In the third instalment of our Busting Myths series; Gabriel Carey of Cadre Capital Partners and Ryan McMillin of Merkle Tree Capital discuss and debunk the myth that bitcoin is a bubble.

Transcript

Gabriel Carey:
Thanks Ryan. And moving onto Bitcoin specifically, it’s just another bubble, like the tulip industry. That’s what many people out there are thinking.

So, like any good bubble, it’s worth jumping on the wagon for a certain period of time, but when the bubble bursts you don’t want to be on board. What’s your view on whether Bitcoin is in a crypto bubble?

Ryan McMillin:
Bitcoin price movements are often called a bubble and compared to the tulip bubble of the 17th century. It’s true, a large number of speculative retail investors are trading Bitcoin, but relevant comparisons probably stop there. The tulip bubble popped after six months and never recovered.
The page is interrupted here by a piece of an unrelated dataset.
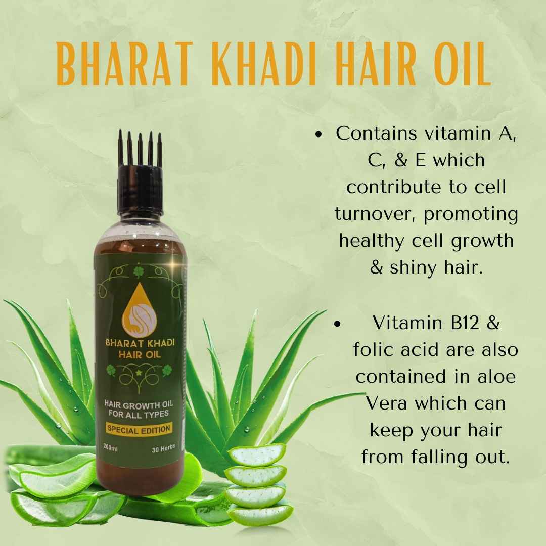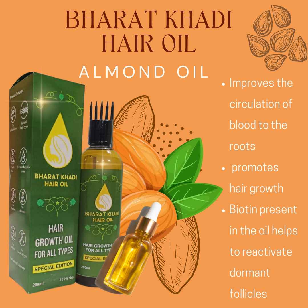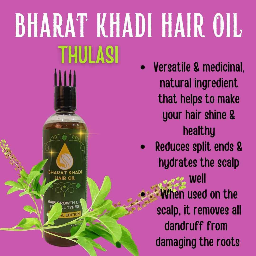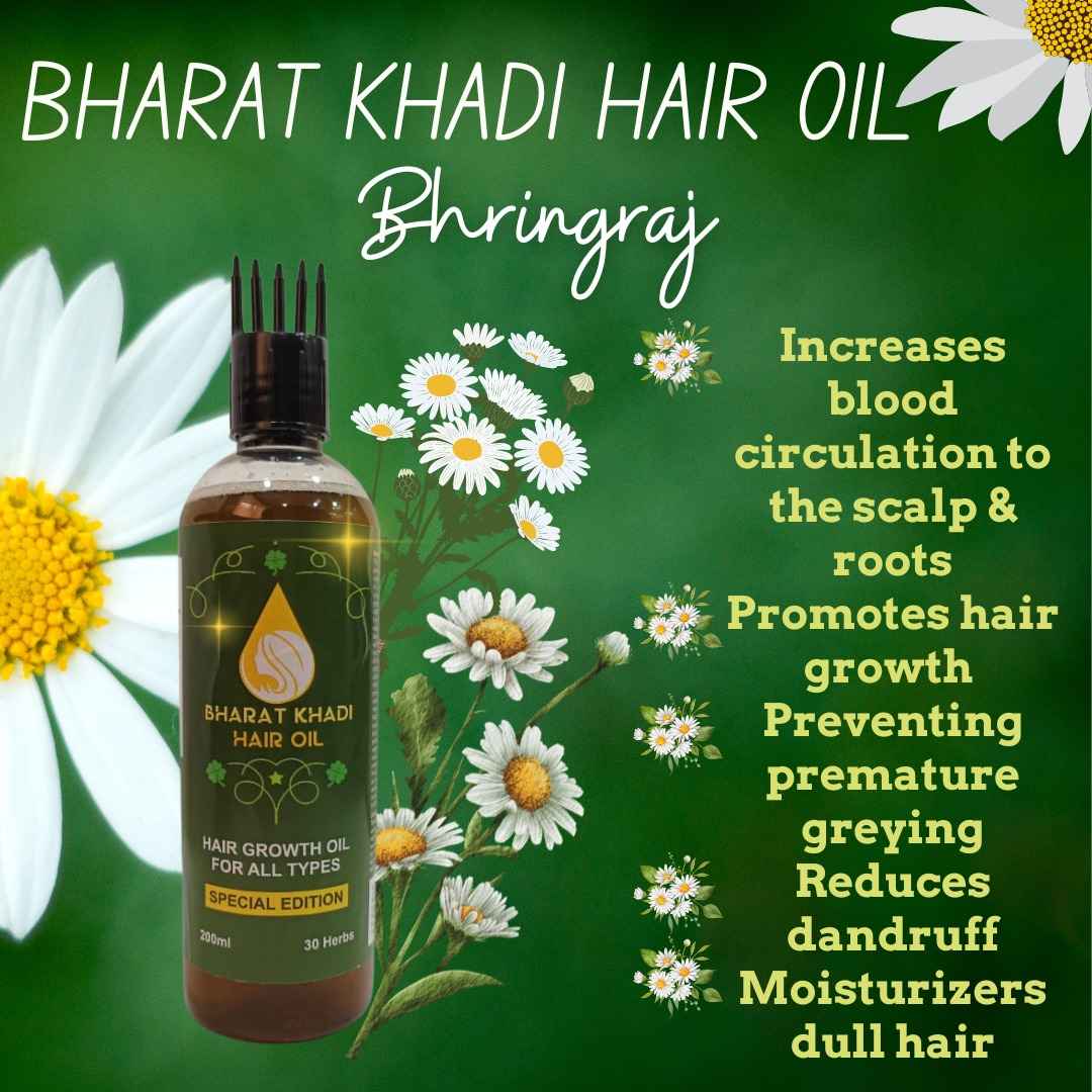 • Hair oil by Bharat Khadi Hair Oil is powered with Cold pressed coconut oil,Bhringraj, Amala & clove increases blood circulation to the scalp and roots, which promotes hair growth.

Bitcoin has had multiple large corrections, and recovered to a new high each time. Crypto is a new asset class. All new assets, products, experience growing pains each time it faces a new challenge, like the hack of an exchange, or maybe a war or global pandemic. There’s uncertainty around how it will respond. But after each test it’s bounced back to a new high. A better analogy than tulips would probably be the internet.

Although units of the internet were not traded, it’s adoption curve is quite similar, and new cases are discovered practically every day. Every year the users and transactions on the Bitcoin network increase. This is what drives the network effect and drives the price of Bitcoin up as a token. Much like the internet, the more users the more valuable the network.